Newly built Industrial parks and special economic zones are attracting both Chinese and international investors. These SEZs are located on or near transport and power transmission arteries of the CPEC. However, the pace of investments in these parks is still slow.
For solving some of the urgent debt issues, Pakistan is approaching China for debt relief or bail out through injections of foreign reserves into the Pakistani Central Bank to stabilize the balance of foreign currency reserves and greater confidence in Pakistani finances. China did accept a Pakistani request to rollover a major US% 4.2 billion repayment on March 29 providing a major relief. This was announced after the meeting of Foreign Minister Wang Yi with his Pakistani Counterpart Shah Mahmoud Qureshi in Anhui Province. This tranche of debt repayment is not related to CPEC projects, but rather investments made the Chinese State Administration of Foreign Exchange (SAFE). Pakistan is likewise resorting to wealthy Gulf states for similar financial support.
Debunking the debt-trap is easy, but..
Proving the fallacy of the China “debt-trap diplomacy” narrative is relatively easy.
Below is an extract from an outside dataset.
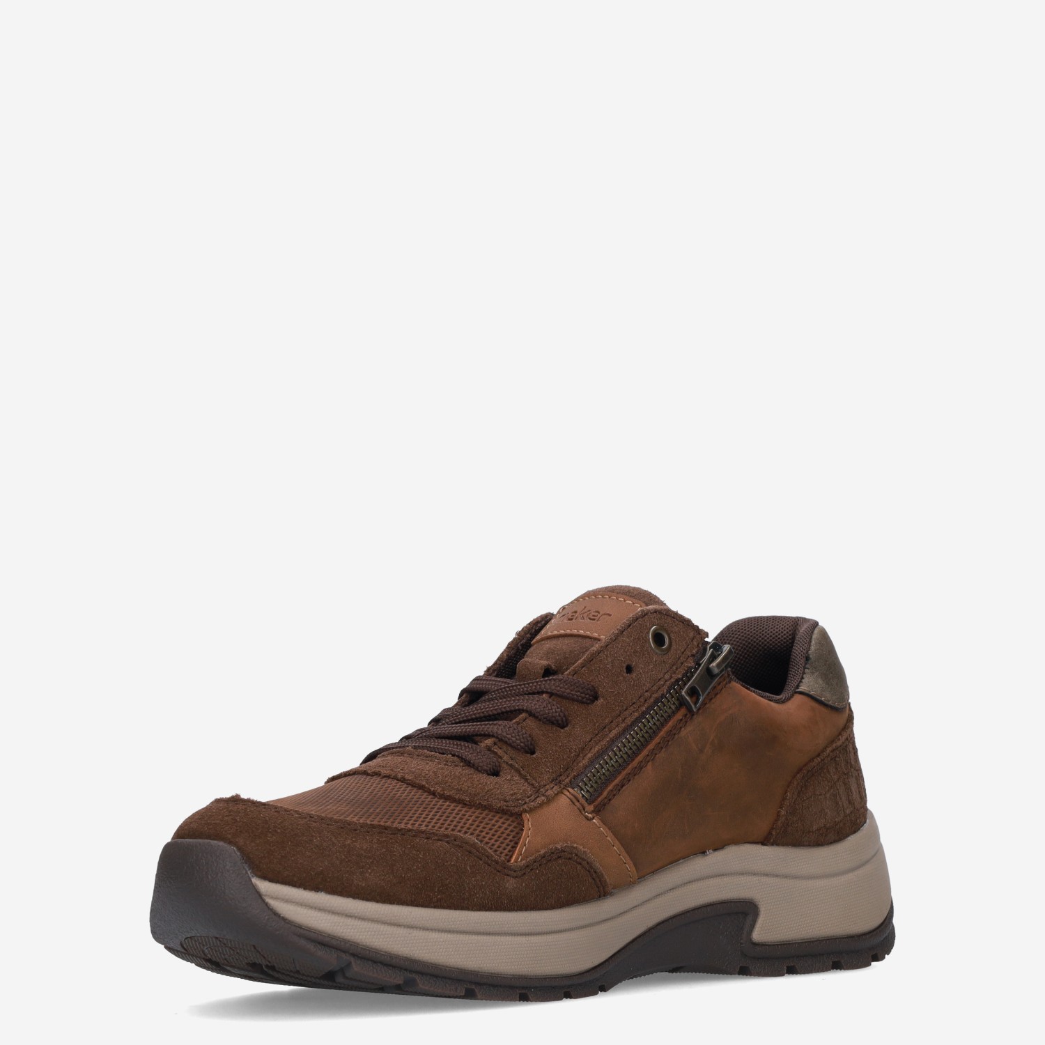 Deze bruine Samira herensneaker van Rieker is gemaakt van leer in combinatie met textiel en synthetische materialen. De sneaker is voorzien van zowel een rits- als vetersluiting voor een gemakkelijke instap.

A simple check of the facts from official sources suffices to show why it is a fake story. The debt-trap narrative, especially the case of Sri Lanka, has been thoroughly debunked by Dr. Deborah Brautigam and associates in the School of Advanced International Studies (SAIS) in Johns Hopkins University through the study of thousands of pages of official documents. This author’s own work in this area has also explored this matter by checking facts from the official sources. Yes, it takes some time-consuming homework, but the revelations are rewarding. The challenge is not in sorting facts from fiction but encountering the massive propaganda machine of the main stream media in the West, which spews out wave after wave of such stories. Repeating these fake stories does not make them into truths, but the psychological impact and the doubt they plant in the minds of the victims of this exposure are difficult to encounter without an equally large exposure to the truth through mass media.
(*): Despite what the name suggests, the Asian Development Bank’s major donors are Japan and the USA, but also include Australia, Canada, France, Germany, Britain and a few Asian countries like China, India, and Indonesia. Its policies are similar to those of the World Bank and IMF.